Le début d’un mouvement de fond

Pour Boris Pétric, anthropologue, le vin est un produit qui révèle les antagonismes, les oppositions au sein de la société française, les modes de consommation soulignant les appartenances sociales. “ Ainsi, les vins naturels suscitent une remise en cause des formes d’autorité classiques au sein de la production. Ne plus être en AOC, comme c’est souvent le cas pour ces vins, c’est une forme de constestation de l’autorité politique.
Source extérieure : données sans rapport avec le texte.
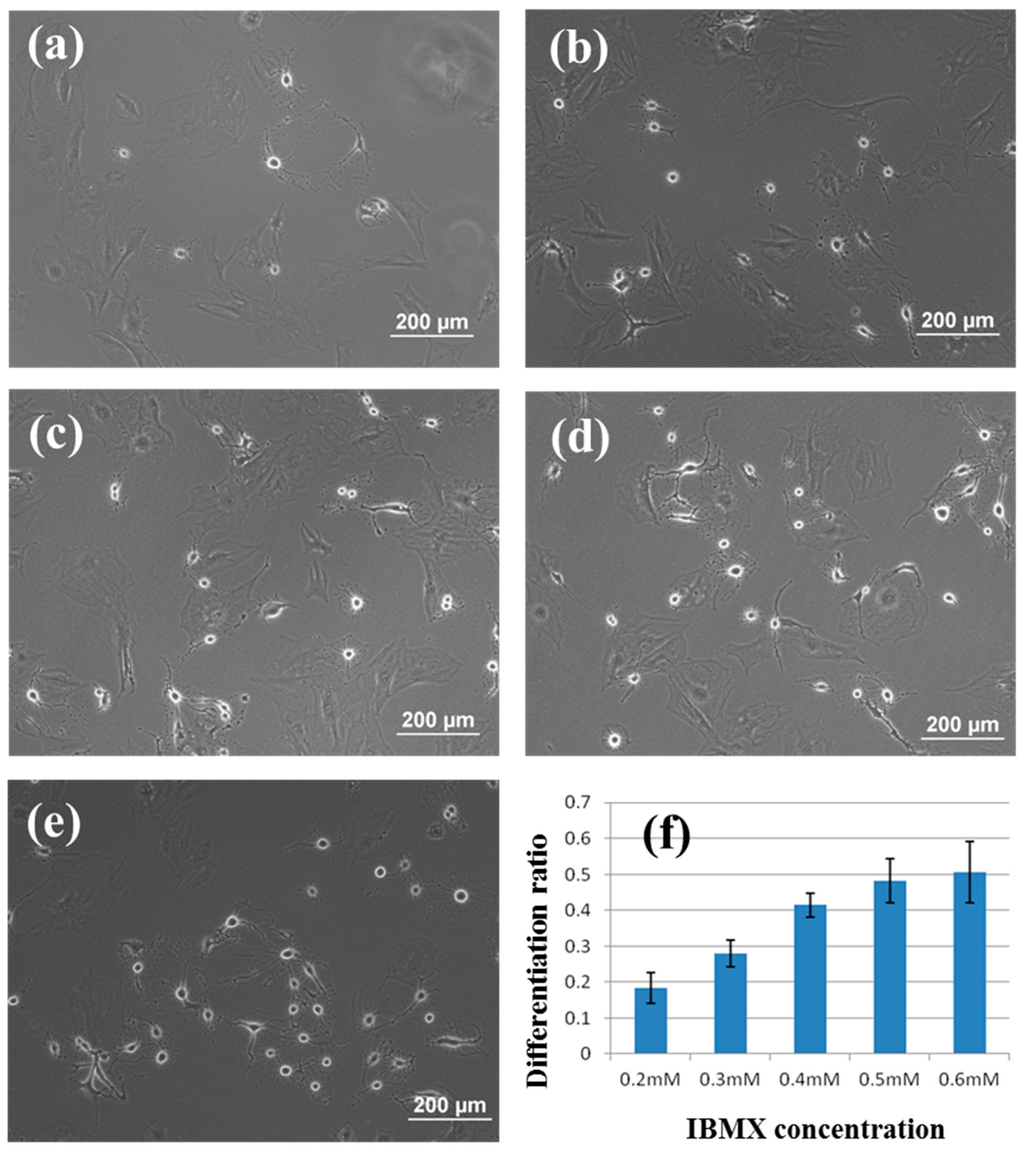 3.2. Induction of rBMSCs Differentiation into Neuronal Cells by IBMX Stimulation

Les producteurs de vins naturels sont souvent des néovignerons qui ont une passion approfondie pour le vin et réfléchissent aux dérives de l’agroalimentaire depuis les années 1950, qui ont laissé circuler l’idée que l’Homme pouvait maîtriser la nature. Tandis que le rejet des vins naturels qu’expriment certains n’est que l’affirmation de l’appartenance à un monde particulier, conservateur, qui est très présent dans le vin. Les producteurs de vins naturels font des expérimentations et c’est en cela qu’ils sont en phase avec l’évolution de la société. Ce sont des aventuriers. Leur passion les conduit à mener une réflexion sur leur rapport à la nature, sur les rapports entre les hommes, les hommes et la nature et à la mondialisation. Et être dans des pratiques concrètes est pour eux une forme d’engagement politique. D’autant plus qu’ils bénéficient souvent d’un niveau socio-éducatif élevé et qu’ils s’adressent à des consommateurs de la classe moyenne supérieure. Je pense qu’on est au début d’un mouvement de fond. Les néovignerons sont en train de s’organiser collectivement. On est sans doute au début d’une réorganisation dans le vignoble. Et à l’aube de nouveaux clivages. ”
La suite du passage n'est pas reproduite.